Without including any pictures, retype exactly the lines from the top of the records through the line containing "585 stamped yellow", that final line included.

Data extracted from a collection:
·····

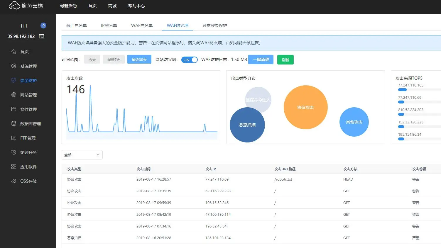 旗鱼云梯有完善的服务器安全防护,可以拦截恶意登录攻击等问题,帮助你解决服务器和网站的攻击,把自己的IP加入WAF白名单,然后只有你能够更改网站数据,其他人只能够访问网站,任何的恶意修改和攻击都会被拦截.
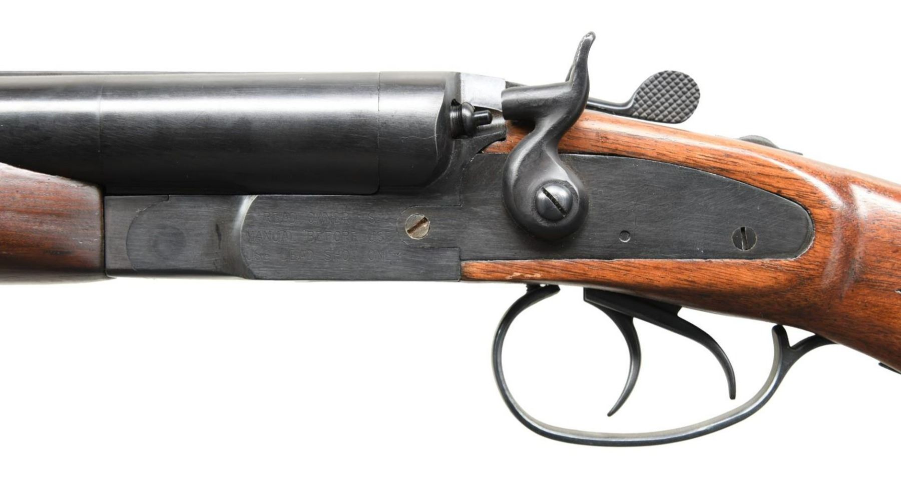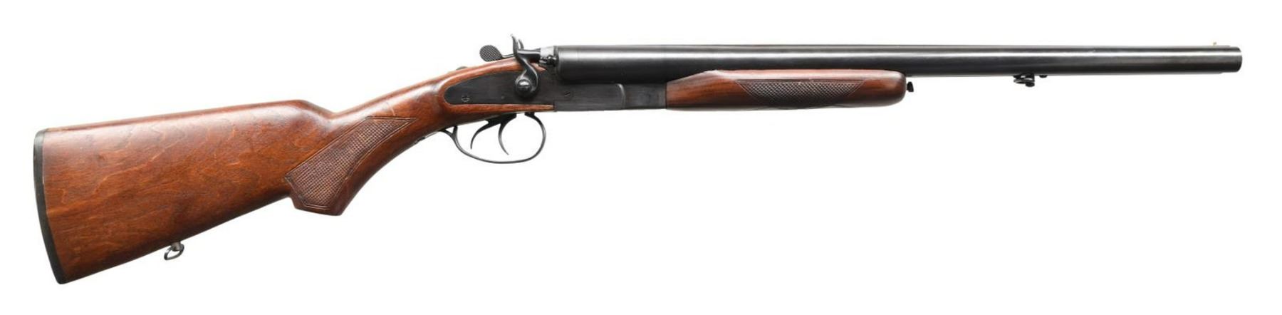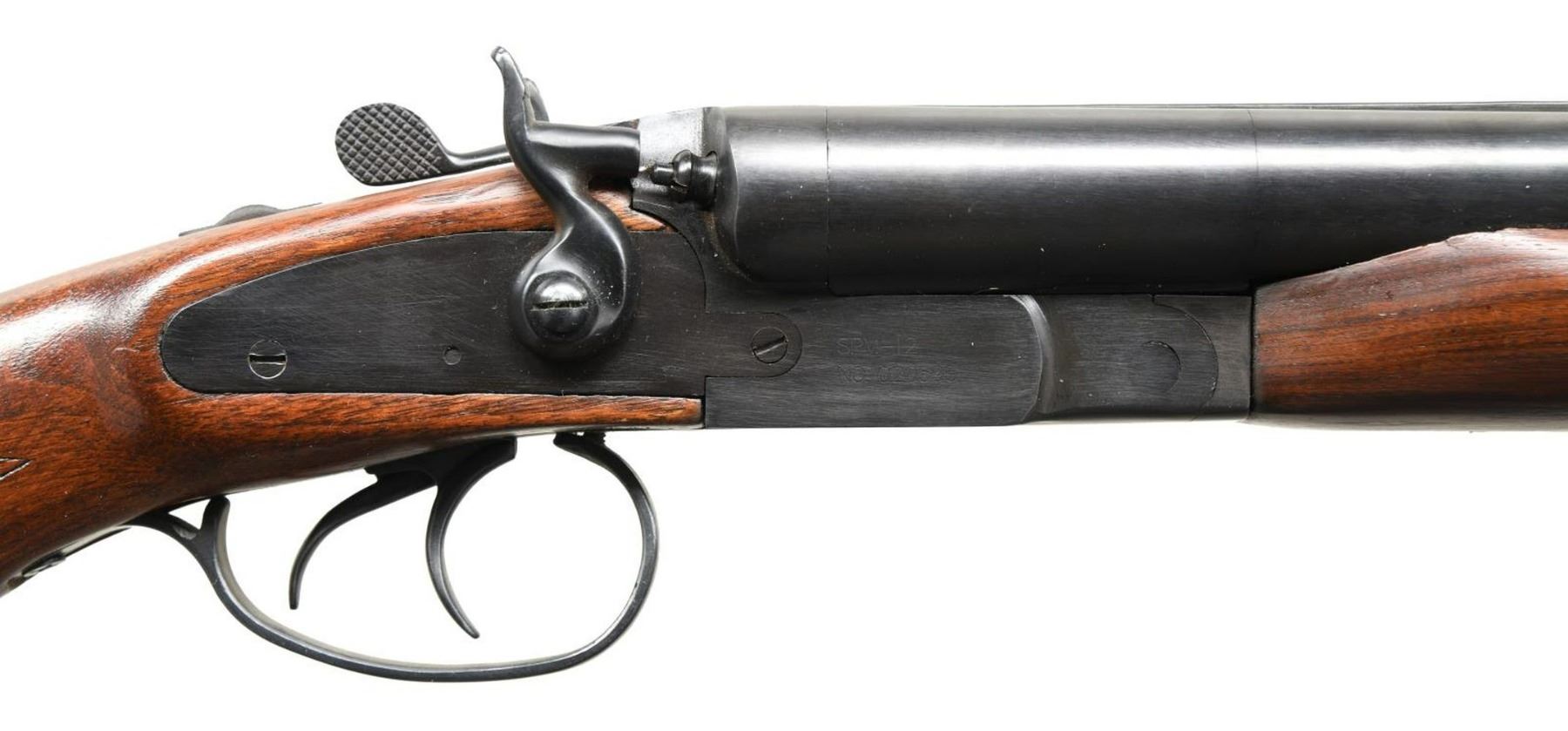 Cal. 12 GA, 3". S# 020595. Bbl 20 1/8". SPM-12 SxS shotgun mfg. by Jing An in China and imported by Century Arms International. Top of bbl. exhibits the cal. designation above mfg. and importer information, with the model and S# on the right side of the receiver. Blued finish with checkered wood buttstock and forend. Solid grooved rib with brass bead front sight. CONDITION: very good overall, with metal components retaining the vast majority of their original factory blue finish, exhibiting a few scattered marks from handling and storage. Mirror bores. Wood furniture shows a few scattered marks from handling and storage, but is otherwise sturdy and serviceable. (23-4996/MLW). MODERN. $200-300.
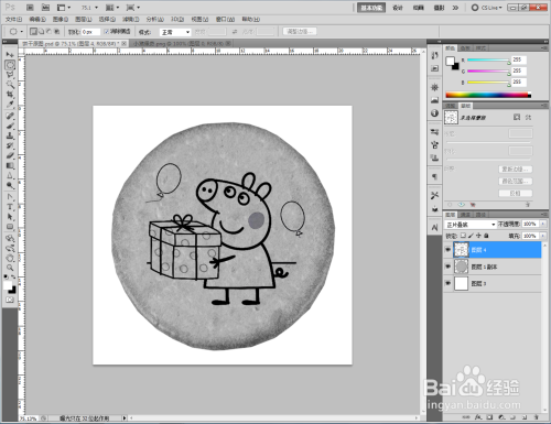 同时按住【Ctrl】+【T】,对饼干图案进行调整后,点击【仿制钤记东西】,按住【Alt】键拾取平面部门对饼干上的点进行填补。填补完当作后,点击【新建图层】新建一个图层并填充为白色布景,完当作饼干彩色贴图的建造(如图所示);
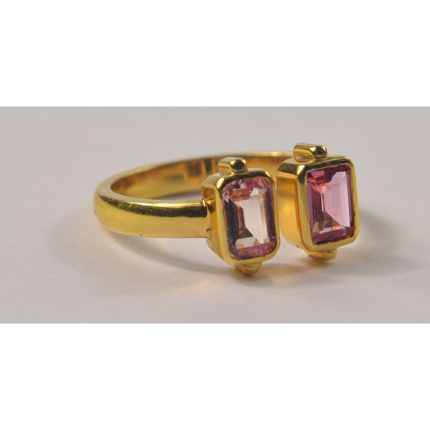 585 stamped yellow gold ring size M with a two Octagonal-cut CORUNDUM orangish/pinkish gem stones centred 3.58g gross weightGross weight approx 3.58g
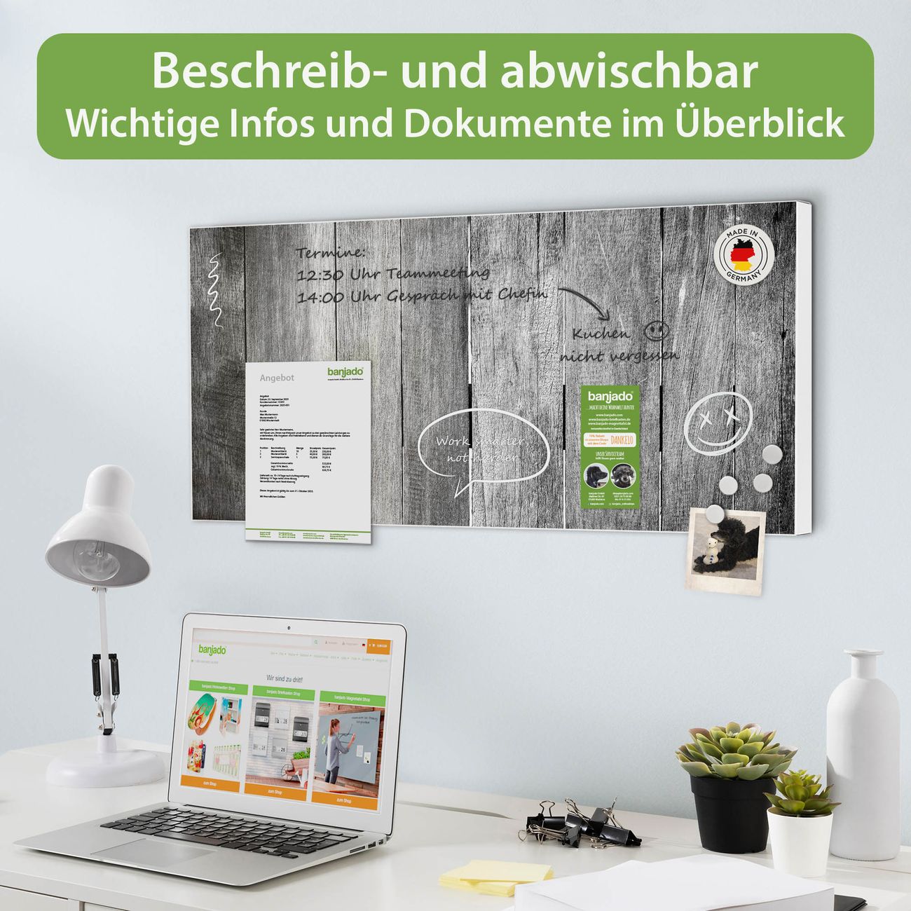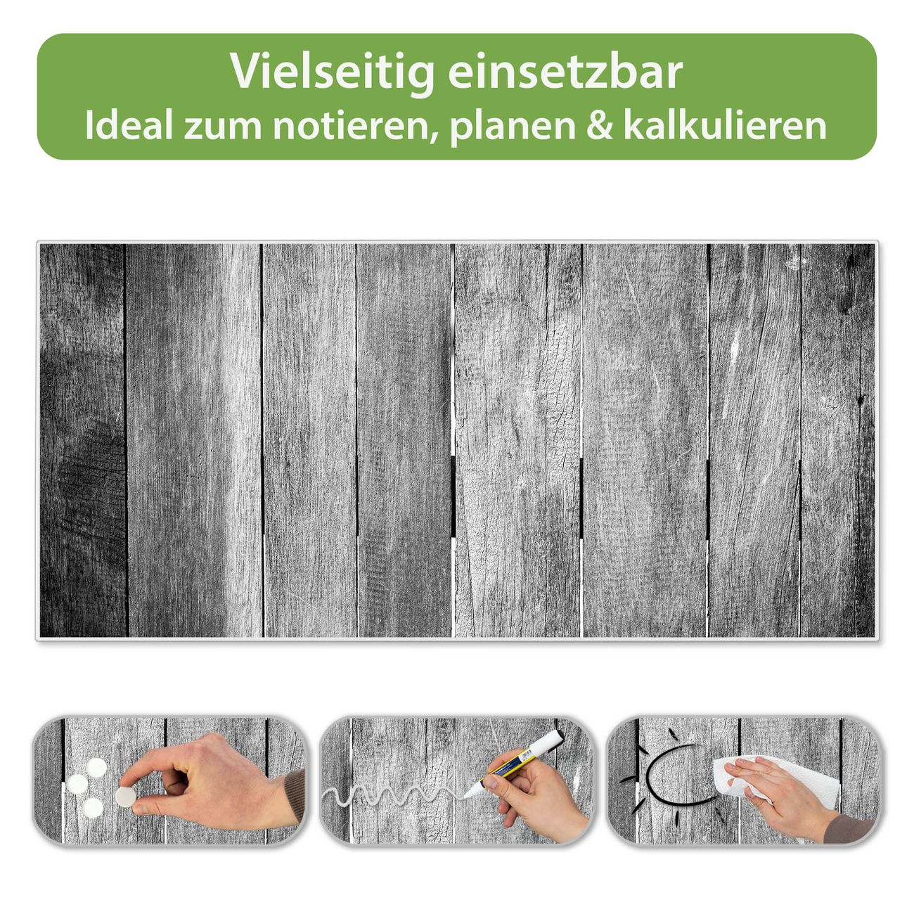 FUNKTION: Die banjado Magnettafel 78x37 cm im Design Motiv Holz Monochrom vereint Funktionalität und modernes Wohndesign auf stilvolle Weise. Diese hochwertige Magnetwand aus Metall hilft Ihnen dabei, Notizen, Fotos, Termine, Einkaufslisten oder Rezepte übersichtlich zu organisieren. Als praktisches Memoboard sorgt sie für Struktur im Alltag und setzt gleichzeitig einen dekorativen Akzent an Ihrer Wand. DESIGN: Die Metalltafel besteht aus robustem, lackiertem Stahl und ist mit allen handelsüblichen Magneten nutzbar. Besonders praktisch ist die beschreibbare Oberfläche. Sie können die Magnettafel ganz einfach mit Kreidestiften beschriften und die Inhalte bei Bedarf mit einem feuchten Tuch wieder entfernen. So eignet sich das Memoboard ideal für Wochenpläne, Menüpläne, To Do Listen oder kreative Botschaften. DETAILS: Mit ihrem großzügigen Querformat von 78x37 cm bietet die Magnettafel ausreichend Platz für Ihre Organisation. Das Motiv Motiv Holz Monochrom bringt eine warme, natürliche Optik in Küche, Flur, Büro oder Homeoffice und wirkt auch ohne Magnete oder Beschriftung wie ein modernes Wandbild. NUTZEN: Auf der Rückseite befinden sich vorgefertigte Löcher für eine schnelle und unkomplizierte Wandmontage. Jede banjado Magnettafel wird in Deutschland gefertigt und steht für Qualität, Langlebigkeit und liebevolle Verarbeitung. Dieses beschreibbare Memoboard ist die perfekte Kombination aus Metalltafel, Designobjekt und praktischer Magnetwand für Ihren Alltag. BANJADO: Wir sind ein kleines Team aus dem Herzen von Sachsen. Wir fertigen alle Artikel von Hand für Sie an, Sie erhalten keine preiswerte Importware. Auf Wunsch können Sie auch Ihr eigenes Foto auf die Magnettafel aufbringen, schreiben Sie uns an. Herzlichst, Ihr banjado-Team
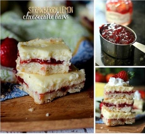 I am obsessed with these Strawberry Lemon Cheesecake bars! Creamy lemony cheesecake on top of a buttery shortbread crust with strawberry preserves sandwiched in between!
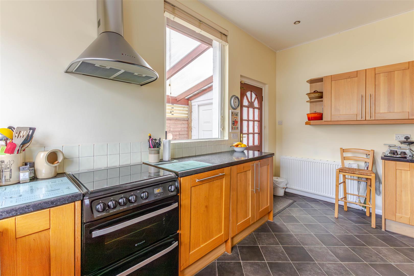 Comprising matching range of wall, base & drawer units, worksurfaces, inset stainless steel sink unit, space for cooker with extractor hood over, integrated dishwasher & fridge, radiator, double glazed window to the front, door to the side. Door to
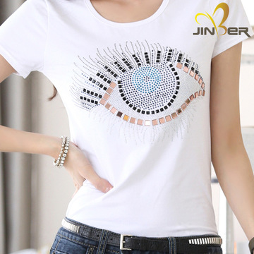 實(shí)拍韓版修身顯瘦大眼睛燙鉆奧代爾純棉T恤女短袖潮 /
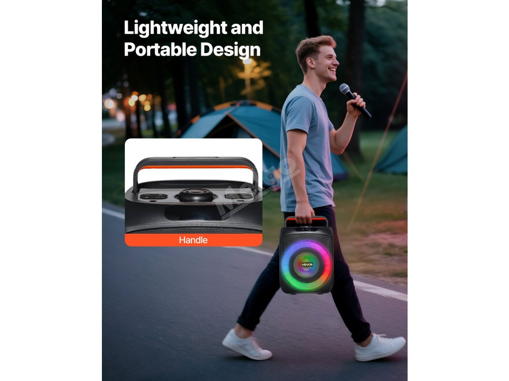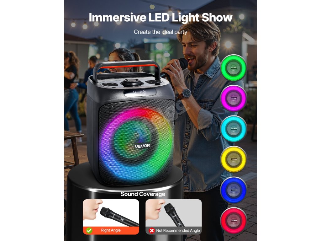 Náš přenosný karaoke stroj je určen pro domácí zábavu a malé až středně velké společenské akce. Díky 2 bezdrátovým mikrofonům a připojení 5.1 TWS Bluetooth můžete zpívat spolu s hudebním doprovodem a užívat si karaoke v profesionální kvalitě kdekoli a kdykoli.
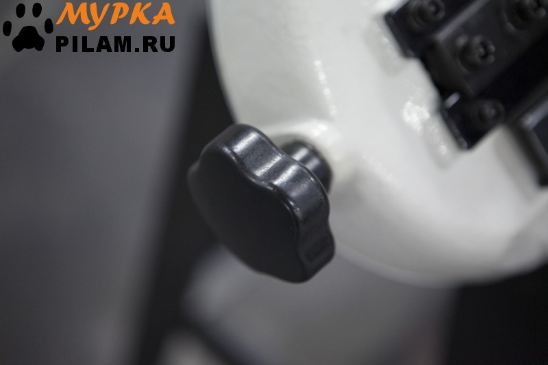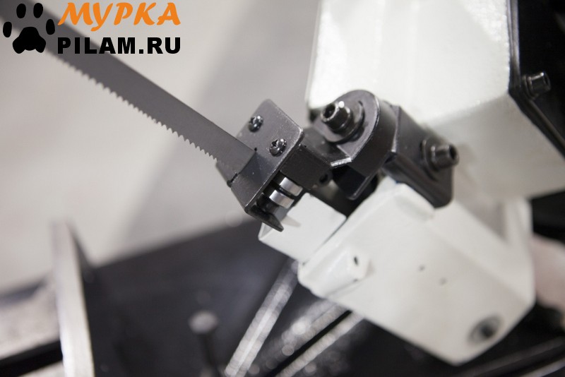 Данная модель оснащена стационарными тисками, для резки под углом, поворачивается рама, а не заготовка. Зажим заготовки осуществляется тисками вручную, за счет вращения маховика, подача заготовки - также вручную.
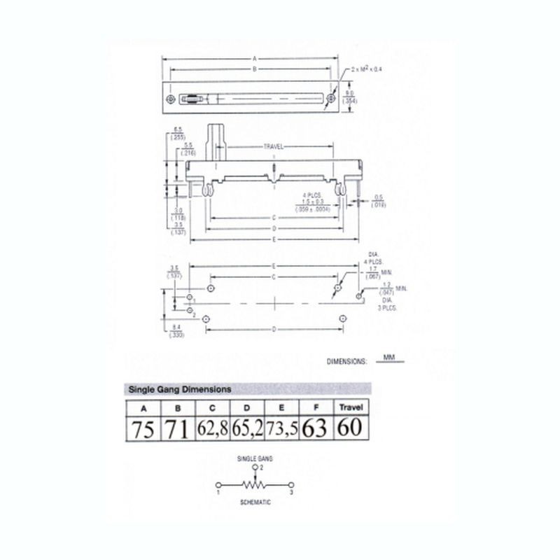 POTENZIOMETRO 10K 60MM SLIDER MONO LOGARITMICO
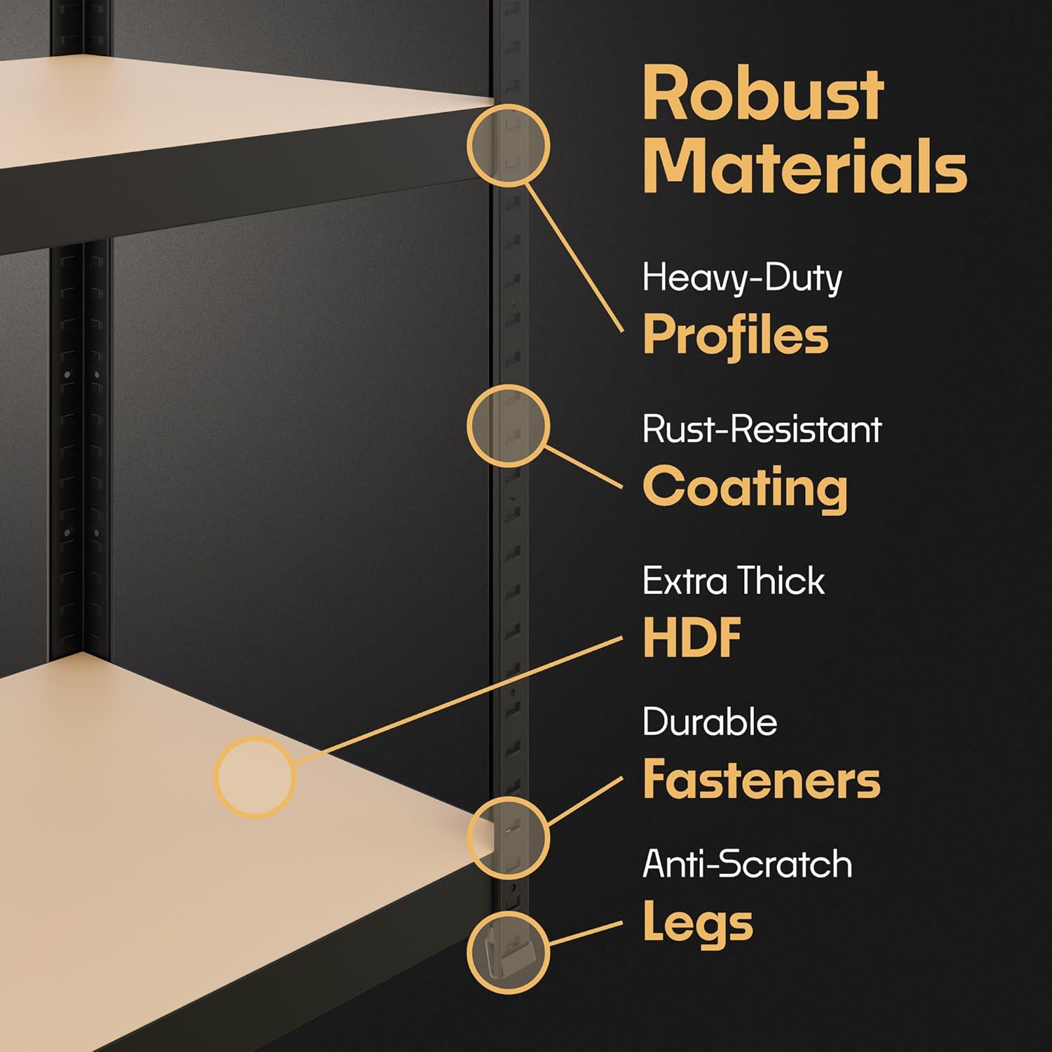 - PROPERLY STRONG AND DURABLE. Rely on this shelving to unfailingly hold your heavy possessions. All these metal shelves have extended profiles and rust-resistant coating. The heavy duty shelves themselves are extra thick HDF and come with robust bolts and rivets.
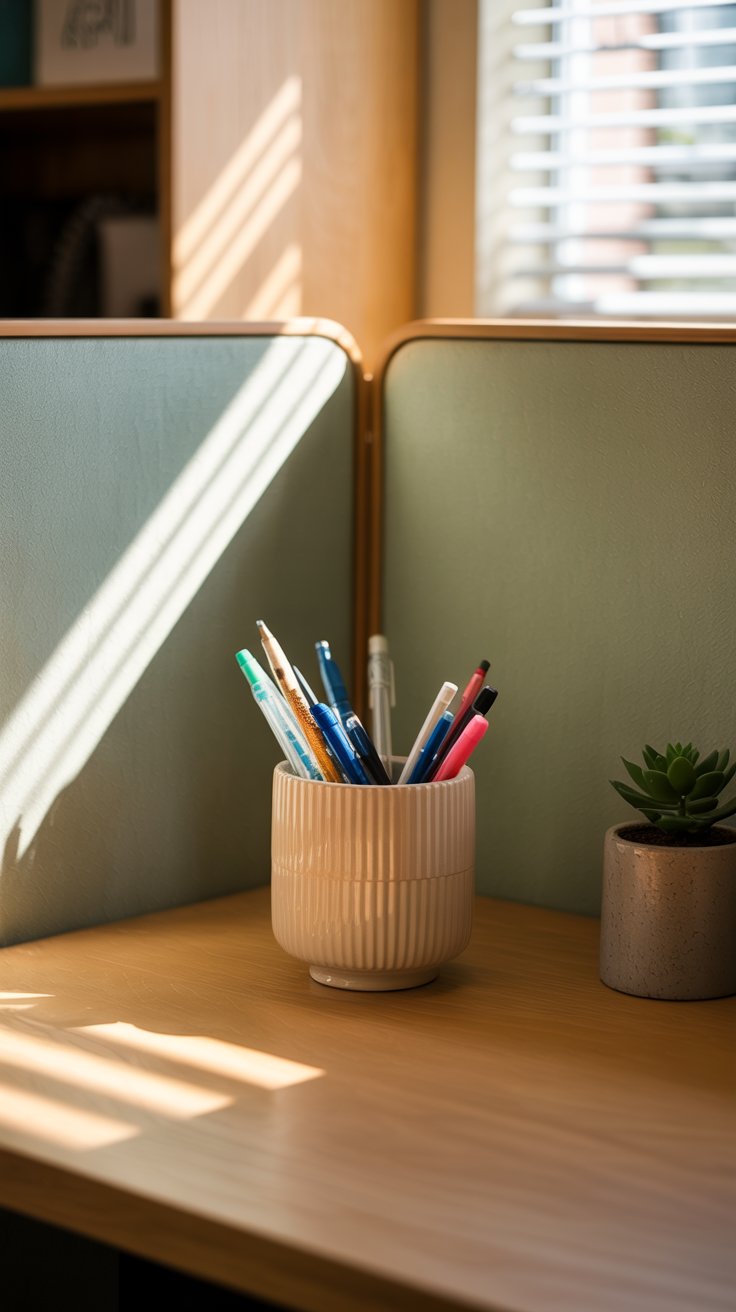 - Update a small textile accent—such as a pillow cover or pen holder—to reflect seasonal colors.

·····

Response area:
 旗鱼云梯有完善的服务器安全防护,可以拦截恶意登录攻击等问题,帮助你解决服务器和网站的攻击,把自己的IP加入WAF白名单,然后只有你能够更改网站数据,其他人只能够访问网站,任何的恶意修改和攻击都会被拦截.
 Cal. 12 GA, 3". S# 020595. Bbl 20 1/8". SPM-12 SxS shotgun mfg. by Jing An in China and imported by Century Arms International. Top of bbl. exhibits the cal. designation above mfg. and importer information, with the model and S# on the right side of the receiver. Blued finish with checkered wood buttstock and forend. Solid grooved rib with brass bead front sight. CONDITION: very good overall, with metal components retaining the vast majority of their original factory blue finish, exhibiting a few scattered marks from handling and storage. Mirror bores. Wood furniture shows a few scattered marks from handling and storage, but is otherwise sturdy and serviceable. (23-4996/MLW). MODERN. $200-300.
 同时按住【Ctrl】+【T】,对饼干图案进行调整后,点击【仿制钤记东西】,按住【Alt】键拾取平面部门对饼干上的点进行填补。填补完当作后,点击【新建图层】新建一个图层并填充为白色布景,完当作饼干彩色贴图的建造(如图所示);
 585 stamped yellow gold ring size M with a two Octagonal-cut CORUNDUM orangish/pinkish gem stones centred 3.58g gross weightGross weight approx 3.58g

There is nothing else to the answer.